The strong LD of the three SNPs at rs2270191, rs3132550, and rs6915986 indicated that simultaneous logistic regression analysis to determine which SNP was independently associated with IBD susceptibility was inappropriate due to multi-collinearity. However, since rs9264942 SNP distribution was different from that of the other three SNPs regardless of being within a haplotype block (Fig. 2 and Supplementary Fig. 1), the SNP at rs9264942 was compared with the representative SNP at rs3132550 by logistic regression analysis. The SNP at rs3132550 was independently associated with UC susceptibility [OR 3.507, 95% confidence interval (95% CI)] 2.176–5.654; p < 0.00001), whereas the SNP at rs9264942 did not reach statistical significance (OR 1.236, 95% CI 0.744–2.054; p = 0.413). Moreover, the SNP at rs3132550 was independently associated with CD protectivity (OR 0.478, 95% CI 0.298–0.767; p = 0.00221), unlike the SNP at rs9264942 (OR 1.376, 95% CI 0.966–1.961; p = 0.077).

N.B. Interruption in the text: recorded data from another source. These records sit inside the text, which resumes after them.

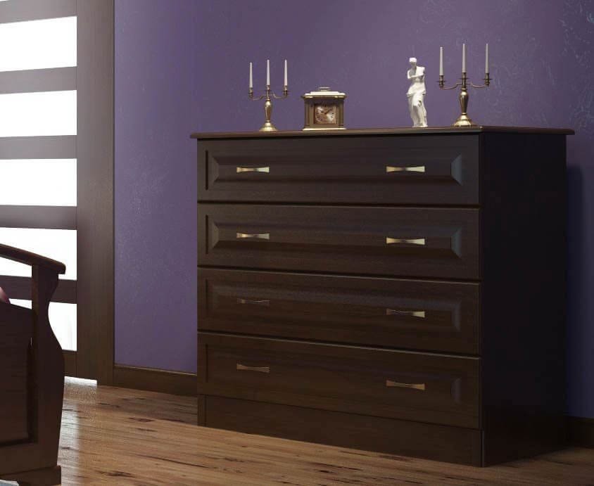 На выбор предлагаются актуальные цвета древесины, в том числе оттенки орех и груша. Купить изделия возможно в стандартной и индивидуальной комплектации. Под заказ изготавливаются комоды с другими параметрами по высоте, с дополнительным ящичком и автодоводчиками закрытия, что несущественно сказывается на цене.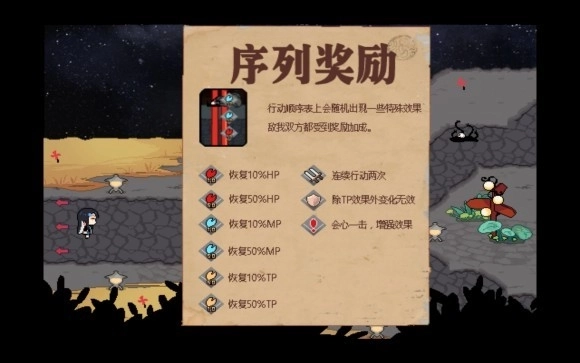然后进入下一个场景会进入第一场战斗,并获得初始武器——村里最好的水管和一件衣服并装备(别想着脱衣服人物贴图也会变这样的小聪明噢)同时附上新手教程如下,至此游戏所有新手导引元素结束。战斗具体不难,依靠方向键切换轮盘选择行动方式即可,攻击就是老老实实打一下,牵扯魔法和治疗的术式和特技会在以后解锁,分别消耗人物的MP(蓝槽)和TP(黄槽),顾名思义,后者可以通过受击和攻击回复。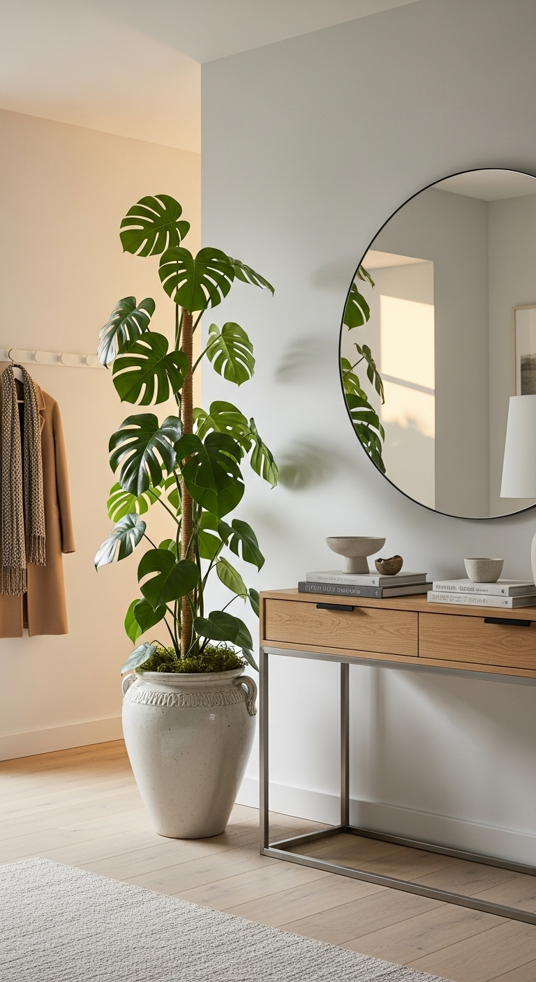 Astuce déco : Placez un grand miroir à proximité pour refléter la plante et créer une illusion d’espace plus grand et de verdure doublée. Ajoutez un tapis graphique et quelques accessoires métalliques (porte-parapluie, patères) pour un contraste moderne.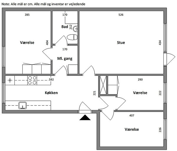 4 vær. boliger under 90 m2 kan udlejes som 3 vær. boliger.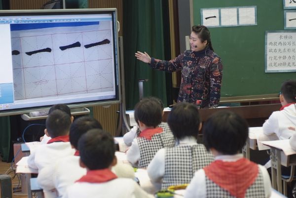 武汉经济技术开发区洪山小学陈曦老师展示书法课《长横和短横》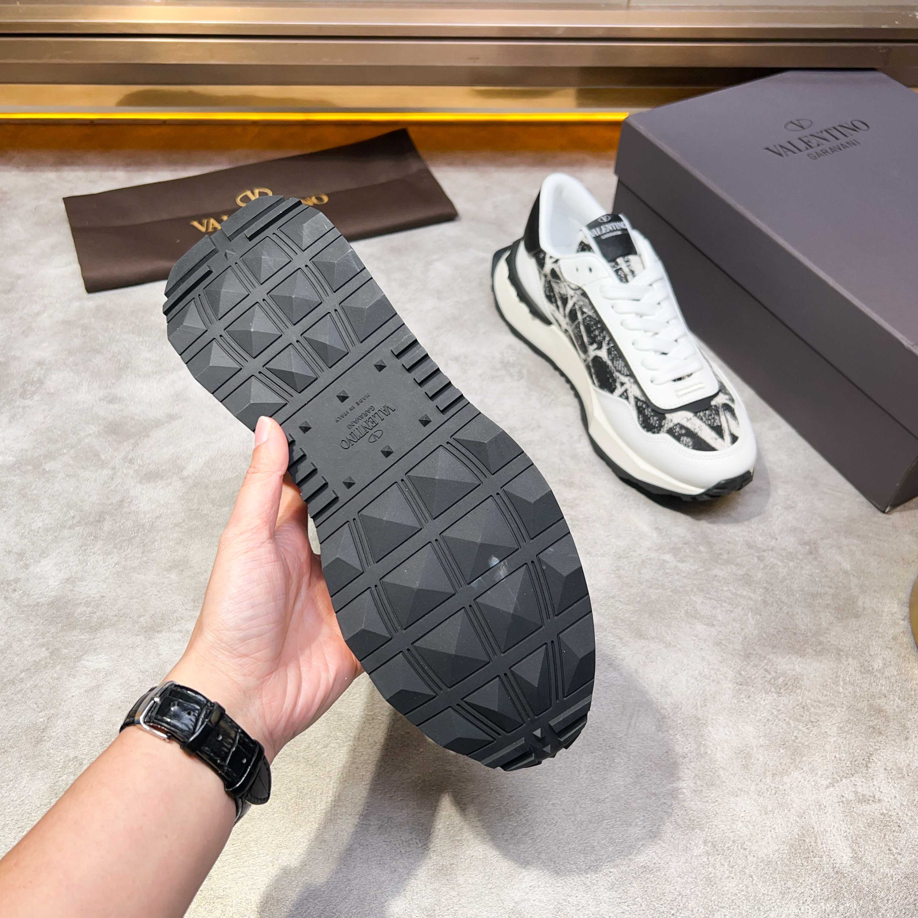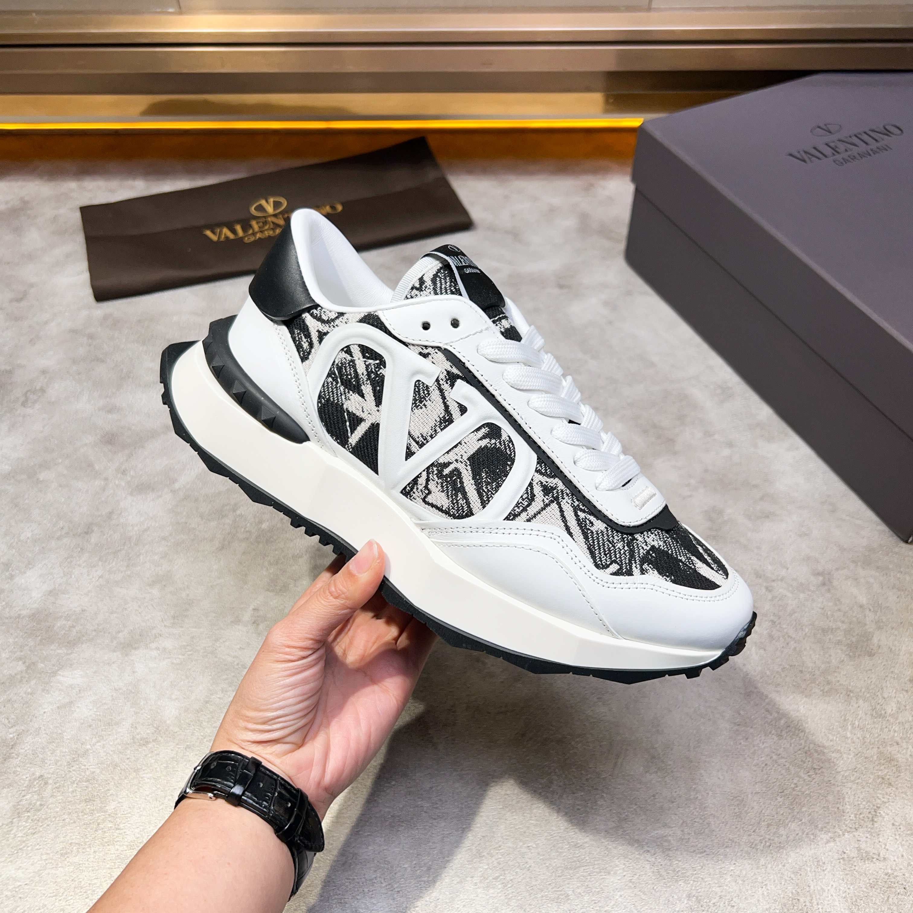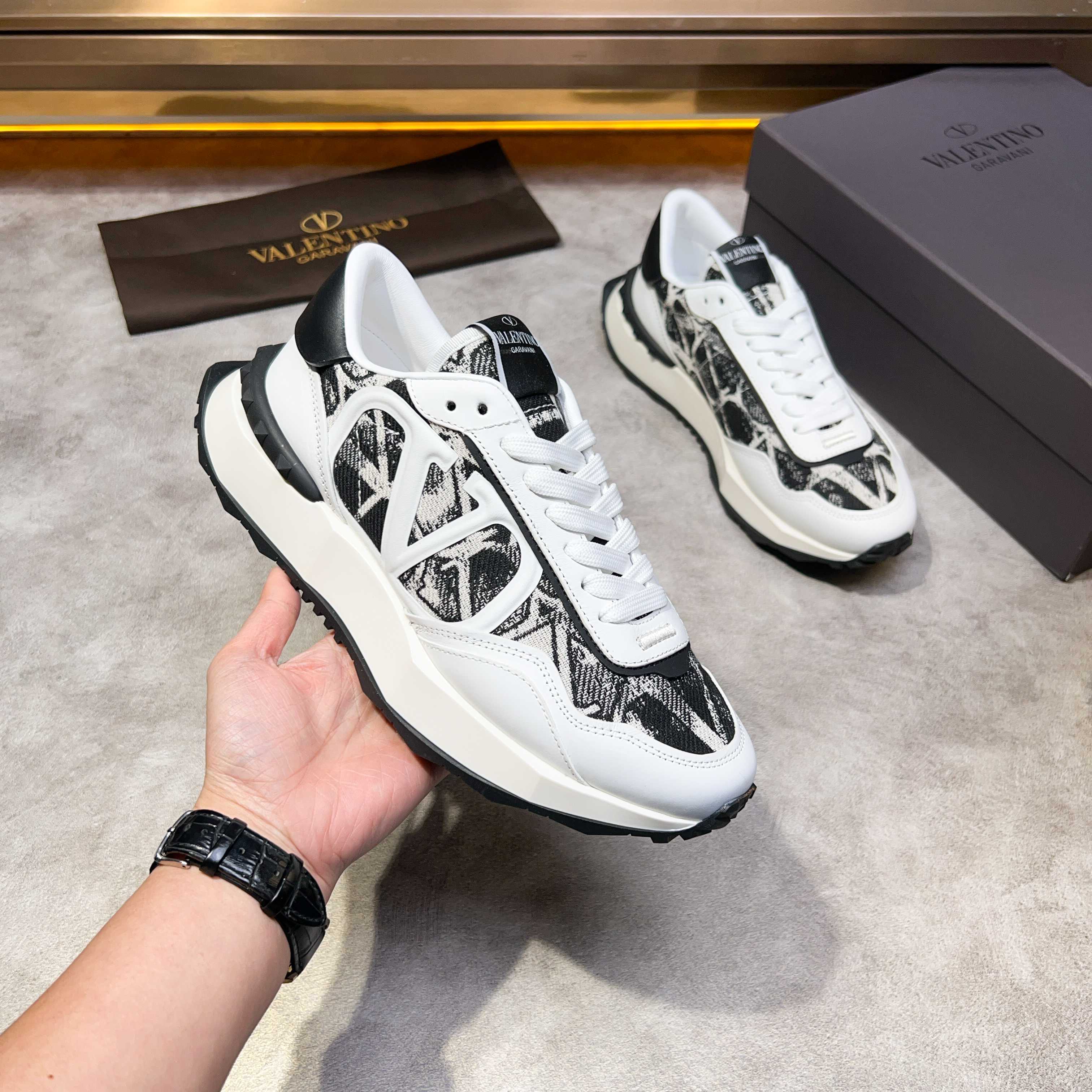 这款鞋子是AAAAA 1:1 质量 (非常棒). 使用了和原版一模一样的材料. 商标部分也保持了和华伦天奴/Valentino一样. 图片拍摄是实物鞋子拍摄, 您所收到的实物保证和我们图片一模一样.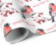 Um papel de embrulho de Natal feliz com uma redação personalizável que apresenta um pássaro de Natal Eurasiático pintado a aquarelas em um galho de neve que se banha em groselhas vermelhas cantando, "Feliz Natal", em um lindo roteiro escrito à mão sobre um fundo branco.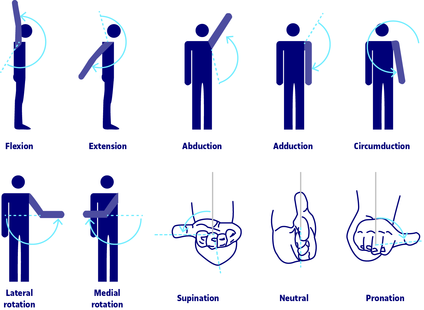 - Rotació lateral. Gir d’una part del cos per allunyar-la de la línia mitjana del cos.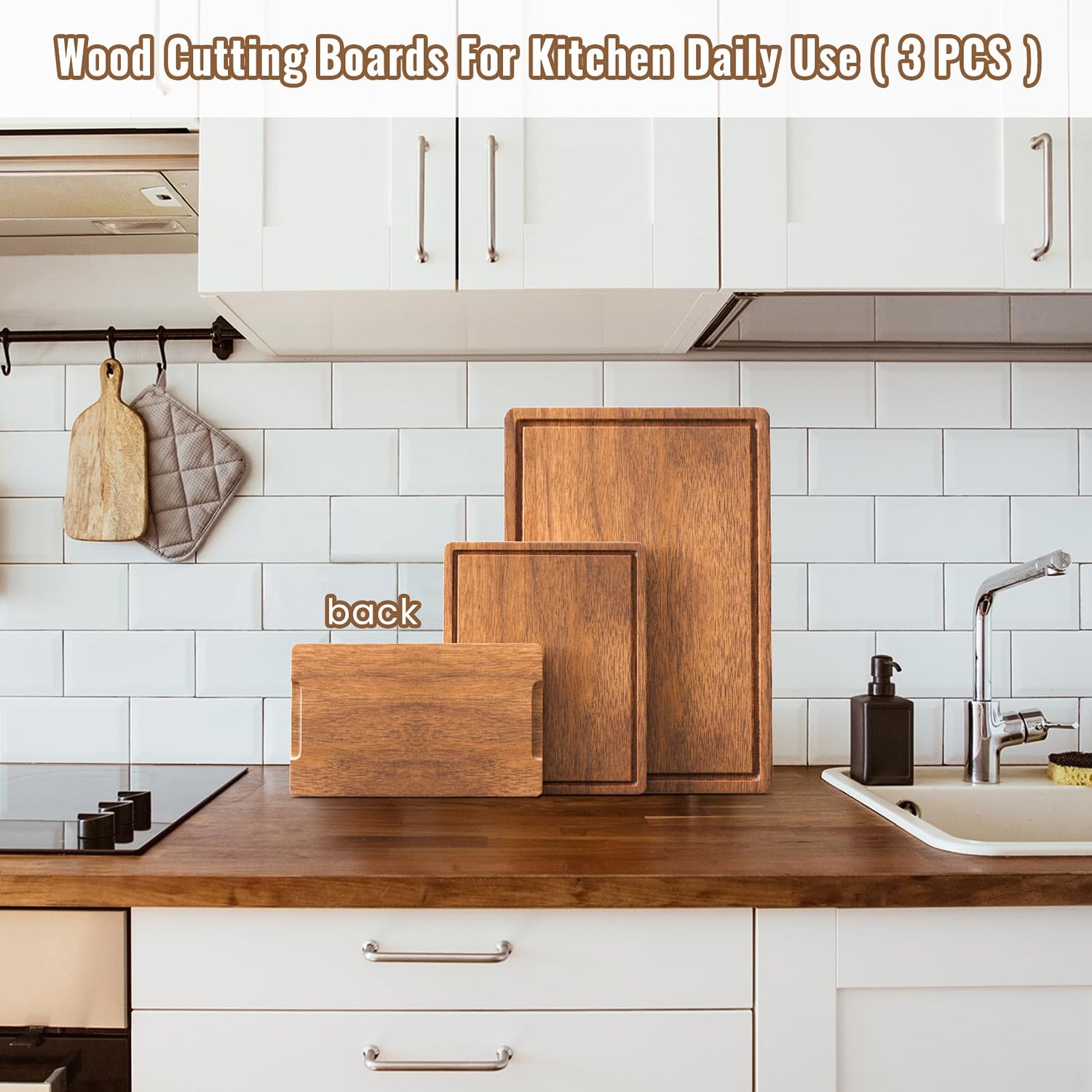 Acacia Wood Cutting Boards Set of 3 for Kitchen, Large Wooden Cutting Board with Juice Groove, Charcuterie Board, Chopping Board for Meat, Cheese, Fruits(17x12, 12x10, 12x7 inch)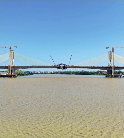 武天高速上的马口汉江特大桥冲刺合龙。 长江日报记者范芃 摄 |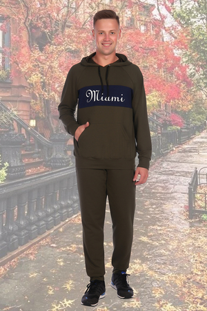Мужской костюм толстовка и брюки. Толстовка с капюшоном и печатью, брюки с карманами и манжетами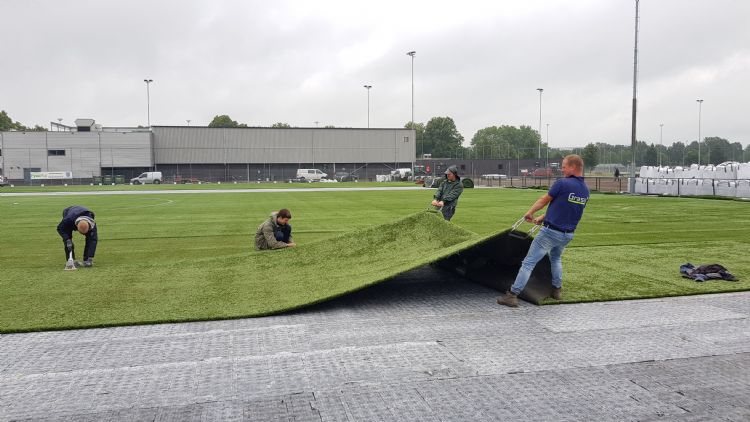 De 'oude' kunstgrasmat wordt helemaal hergebruikt op de nabijgelegen velden

Haplotype analysis of the SNPs at rs2270191, rs3132550, rs9264942, and rs6915986

Haplotype frequencies were calculated using an expectation–maximization algorithm for the four SNPs (rs2270191, rs3132550, rs9264942, and rs6915986) and compared among UC, CD, PBC, and healthy control groups. The four-SNP haplotype of TACC, which was predicted as associated with the particular HLA haplotype of HLA-C*12:02~B*52:01~DRB1*15:02, showed a strong susceptibility correlation between UC and controls (OR 2.53; pc = 3.96 × 10–7), but a protective association between CD and controls (OR 0.50; pc = 0.002) (Table 4). The four-SNP haplotype of TATC could not be calculated, which indicated that all subjects carrying the particular HLA haplotype of HLA-C*12:02~B*52:01~DRB1*15:02 had the TACC haplotype, i.e., the SNP at rs9264942 of subjects carrying the HLA haplotype of HLA-C*12:02~B*52:01~DRB1*15:02 was the C allele (CC or CT genotype). The four-SNP haplotype of CGTT in individuals with the SNP T allele at rs9264942 showed a protective correlation between UC and controls (OR 0.56; pc = 2.66 × 10–5), whereas the four-SNP haplotype of CGCT in individuals with the SNP C allele at rs9264942 displayed no significance (pc = 0.803). On the other hand, the four-SNP haplotype of CGTT showed no significance between CD and controls (pc = 0.828), while the four-SNP haplotype of CGCT exhibited significant susceptibility (OR 1.31; pc = 0.042). The above four-SNP haplotype frequencies were comparable between healthy and PBC disease controls (Table 4).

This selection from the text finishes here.